Knepper joined the Claude Thornhill band in 1956 for its tour of American bases in Germany, France and North Africa. In February 1957 he made the fateful move to the Charlie Mingus group, where he replaced one of his friends, another white trombone player of similar talents, Willie Dennis.
Although he had by then left Mingus for Tony Scott's group, Knepper was delighted to be named "New Star" on the trombone by Down Beat magazine in 1959 for his work with Mingus. He was sure more work would follow as a result:
I didn't work for three months, and I panicked. Then Gene Roland got me into the Stan Kenton band. We made a cross- country tour. Kenton was one of the nicest leaders I ever worked with. A real gentleman.
Knepper had to leave the band because of his wife's illness: "After I left the band immediately went into a New York studio and recorded all the things that I had soloed on."
Frequent returns to work with Mingus in New York were peppered with trips abroad. He toured in Africa with Herbie Mann in 1960 and was in the Benny Goodman band for the disastrous tour of the Soviet Union in 1962. The members of the band got on well with the Russians, but Goodman's behaviour towards his musicians made them vow never to work for him again.

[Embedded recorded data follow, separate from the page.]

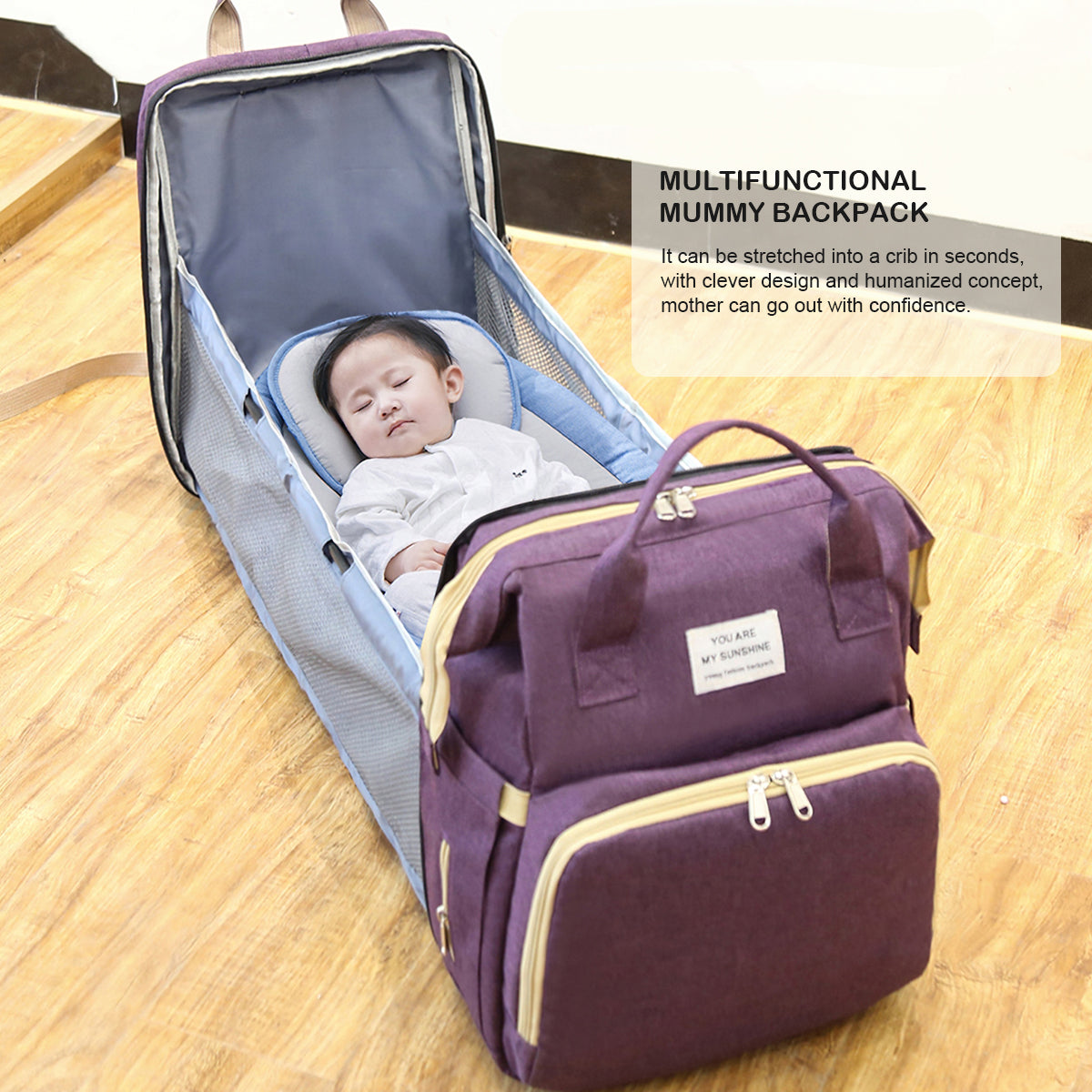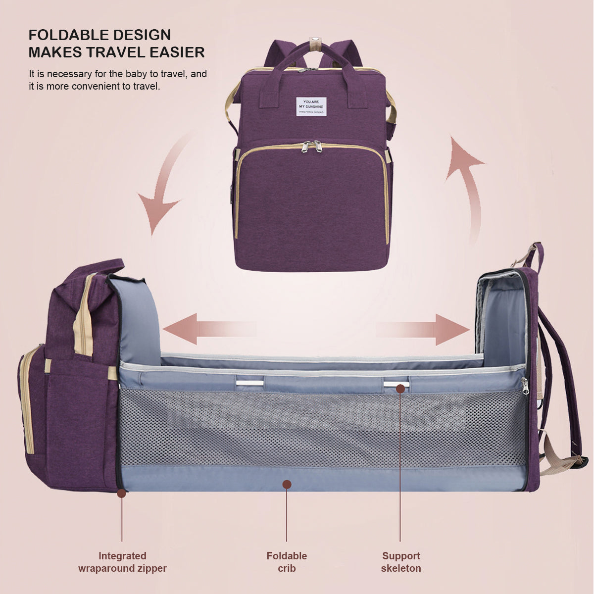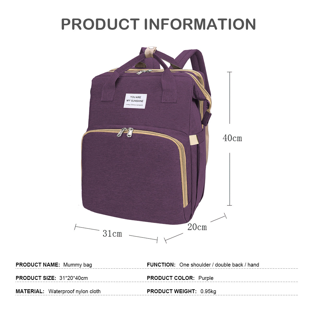 • Comfortable and Convenient: This baby bag can be used as a diaper backpack, a changing station, a baby crib, or it can be connected to a stroller with a buckle on the shoulder strap.
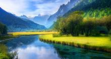 沿途雪山、原始森林和田园风光交相辉映,景色出奇的美丽。八宿藏语意为“勇士山脚下的村庄”,海拔3910米。沿途雪山、原始森林和田园风光交相辉映,景色出奇的美丽。最后到达然乌沟。然乌湖是著名的高原冰川湖,面积22平方公里,海拔3850米。湖畔是茂密的原始森林,碧蓝的湖水,森林倒映,清澈见底,湖面的水鸟成群,一派仙境景色。来到这里会让人躁动的心沉静下来,湖水如一面镜子般平静无澜,映衬着湖边晶莹的冰川、皑皑的雪山,如一个待嫁的娇娘,动人心魄。
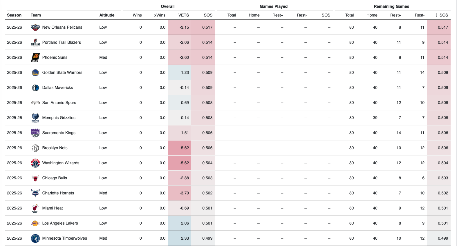 数据网站Positive Residual也更新了社交媒体,根据NBA官方已公布的赛程,统计了联盟各队的赛程难度,评判标准是球队实力、每场比赛前的休息天数、每场比赛的飞行距离、每场比赛的海拔高度,以下是具体排名,按照从困难到容易的顺序排列:

Knepper worked as a member of the Gil Evans Orchestra whenever he could between 1960 and 1967, interspersing his jazz work with jobs in Broadway pit bands - he was in the band for Funny Girl on Broadway between 1964 and 1966.
Mr. Knepper characterized his return to the Mingus fold as a kind of grim inevitability. Knepper spent much of the 1980's as a member of Mingus Dynasty, a group devoted to playing Mingus's music and made up primarily of former Mingus sidemen.